W dalszej części rozważań Sąd Rejonowy analizował różnice pomiędzy premią a nagrodą. Zauważył przy tym, że nagroda nie ma charakteru roszczeniowego i dopiero jej przyznanie przez pracodawcę stwarza uprawnienie pracownika do żądania jej wypłaty. Natomiast premia stanowi część wynagrodzenia za pracę. Uprawnienie do żądania premii powstaje w sytuacji, gdy stosowne przepisy (regulaminowe, umowne, ustawowe) przewidują z góry skonkretyzowane wskazówki premiowania, które następnie zostały zrealizowane przez pracownika. Na poparcie swego stanowiska Sąd Rejonowy odwołał się do stanowiska Sądu Najwyższego wyrażonego w uchwale z 10 czerwca 1983 r., III PZP 25/83, zgodnie z którą nie chodzi o nazwę świadczenia, lecz istotna jest treść warunków (kryteriów), od których uzależnione jest jego przyznanie. Jeżeli warunki premiowania są określone w sposób na tyle konkretny, by mogły podlegać kontroli, to świadczenie ma charakter premii. Fakt zaś spełnienia tych warunków jest źródłem praw pracownika do premii. W takim wypadku decyzja w sprawie przyznania premii nie zależy od swobodnego uznania podmiotu zatrudniającego, lecz od wypełnienia podlegających kontroli warunków określonych w regulaminie, a dotyczących zarówno prawa do premii, jak i jej wysokości. Natomiast gdy przyznanie premii pozostawione zostało swobodnemu uznaniu podmiotu zatrudniającego (brak sprawdzalnych i możliwych do kontroli kryteriów), świadczenie ma charakter nagrody, choćby nazwane zostało premią.

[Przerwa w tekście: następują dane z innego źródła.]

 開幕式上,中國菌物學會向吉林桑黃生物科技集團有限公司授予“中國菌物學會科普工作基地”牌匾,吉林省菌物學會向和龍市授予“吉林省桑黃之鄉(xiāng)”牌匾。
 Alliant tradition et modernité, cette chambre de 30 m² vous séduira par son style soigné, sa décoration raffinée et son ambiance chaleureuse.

Sąd pierwszej instancji stwierdził, na podstawie stanowiska doktryny, że w praktyce pojawiają się świadczenia, których zasady nabycia łączą w sobie cechy premii i nagrody. Dodatkowo w aktach płacowych zarówno powszechnego, jak i autonomicznego prawa pracy widać zamęt terminologiczny, polegający na nazywaniu „premią” świadczenia uznaniowego (tzw. premia uznaniowa), a nagrodą świadczenia roszczeniowego, opartego na obiektywnie weryfikowalnych przesłankach (tzw. nagroda regulaminowa).

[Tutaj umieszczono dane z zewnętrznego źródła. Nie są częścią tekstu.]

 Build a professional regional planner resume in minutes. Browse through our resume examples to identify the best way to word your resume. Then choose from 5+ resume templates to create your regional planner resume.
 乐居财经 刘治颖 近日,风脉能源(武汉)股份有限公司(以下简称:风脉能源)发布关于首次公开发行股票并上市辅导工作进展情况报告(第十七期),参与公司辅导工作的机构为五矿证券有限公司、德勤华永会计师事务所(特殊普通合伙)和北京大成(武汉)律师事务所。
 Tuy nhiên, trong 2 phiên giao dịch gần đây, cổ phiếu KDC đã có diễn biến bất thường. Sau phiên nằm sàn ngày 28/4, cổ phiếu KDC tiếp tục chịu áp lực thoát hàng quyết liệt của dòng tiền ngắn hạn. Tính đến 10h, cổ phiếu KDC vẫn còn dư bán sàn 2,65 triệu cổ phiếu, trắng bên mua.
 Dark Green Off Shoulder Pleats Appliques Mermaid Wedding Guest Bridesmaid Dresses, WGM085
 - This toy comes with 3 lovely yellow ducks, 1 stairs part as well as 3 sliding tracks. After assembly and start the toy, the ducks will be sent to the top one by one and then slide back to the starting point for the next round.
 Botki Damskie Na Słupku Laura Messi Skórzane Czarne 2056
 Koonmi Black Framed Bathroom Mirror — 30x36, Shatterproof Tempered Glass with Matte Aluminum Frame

Odnoszą powyższe rozważania do sytuacji powódki – Sąd Rejonowy -uznał, że treść regulacji wewnętrznych obowiązujących u pozwanego nie określa w przypadku dyrektorów oddziałów żadnych konkretnych i sprawdzalnych warunków przyznawania premii kwartalnej, jak to czyni w odniesieniu do pozostałych pracowników B. Skoro żądane świadczenia miały charakter uznaniowy, to powódce nie przysługuje roszczenie o ich wypłatę, albowiem realizacja świadczeń należała do sfery swobodnego uznania pracodawcy, a ta w sprawie nie podlega weryfikacji.
Dodatkowo Sąd Rejonowy wskazał, że decyzja o nieprzyznaniu powódce premii kwartalnej za II i III kwartał 2012 r. oparta była na negatywnej ocenie jej pracy przez pracodawcę. Mając powyższe na uwadze, Sąd pierwszej instancji oddalił powództwo na podstawie art. 78 k.p. (a contrario).
Apelację od powyższego orzeczenia wywiodła powódka, zaskarżając je w całości i zarzucając naruszenie prawa materialnego, między innymi § 7 ust. 2 załącznika nr 3 do uchwały nr 62/2010 Zarządu B. z dnia 25 listopada 2010 r. w sprawie zasad przyznawania i wypłacania pracownikom premii, jak również wskazała na naruszenie art. 9 § 1 k.p. przez jego niezastosowanie w celu ustalenia i wykładni norm prawnych zawartych w zakładowych źródłach prawa. Skarżąca zwróciła także uwagę na treść art. 105 k.p. i wywiodła o naruszeniu tego przepisu przez stwierdzenie, że premia w rozumieniu zakładowych źródeł prawa jest nagrodą. W ocenie apelującej strony doszło też w sprawie do naruszenia przepisów prawa procesowego, a mianowicie art. 233 § 1 k.p.c. przez błędną i dowolną wykładnię oraz wybiórczą ocenę zebranego materiału dowodowego, w szczególności przyjęcie, iż powódka nie miała prawa do premii, uznanie za wiarygodne zeznań powódki jedynie w części dotyczącej podstaw jej zatrudnienia i terminu obowiązywania łączącej strony umowy o pracę, a nieuzasadnionym pominięciu zeznań w zakresie dotyczącym istoty sporu.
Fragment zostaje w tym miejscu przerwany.